Sprint plans to invest $3 billion in network equipment and other capital goods during fiscal 2016, which started for the company on April 1. That’s down from $4.7 billion during fiscal 2015 and $5.4 billion in 2014.
Some of the carrier’s capital is being diverted to its device leasing program, which so far is a net negative from a cash flow perspective. Capital spending for leased devices exceeded Sprint’s proceeds from sale and lease-back transactions by almost $1.2 billion during fiscal 2015.
Sprint has been cutting costs across the board, but reductions in capital spending may be the cuts that will have the most impact outside the company. Analyst Simon Leopold of Raymond James has projected the impact Sprint’s cuts will have on the carrier’s primary network suppliers, noting the carrier’s spending has already tapered off in recent months, so the incremental hit to these companies will be limited.
Leopold thinks Nokia Networks, which now owns Alcatel-Lucent, will be the most impacted among infrastructure manufacturers, and estimates Sprint will account for less than 10% of that company’s revenue this year. Ericsson was a major supplier to Sprint several years ago, but has transitioned into the role of network manager in recent years.
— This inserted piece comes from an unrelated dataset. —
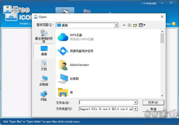 1、解壓后,open files,選擇要提圖標的EXE、DLL、OCX、CPL或CIL文件

While the timing and extent of Sprint’s small cell build remain unclear, it does seem clear the carrier is favoring small cells over tower builds. Leopold said that could be a positive for CommScope, which sells fiber, cable and antennas to wireless carriers.
Small cell build
Sprint is in the midst of deploying the 2.5 GHz spectrum it acquired through its purchase of Clearwire. Last year, Sprint shared the outline of its plan to deploy that spectrum by attaching tens of thousands of small cells to strategic structures all over the country. Small cells can be less expensive to deploy than towers, and Sprint may be able to cut its capital expenditures even more by shifting some costs to an infrastructure partner.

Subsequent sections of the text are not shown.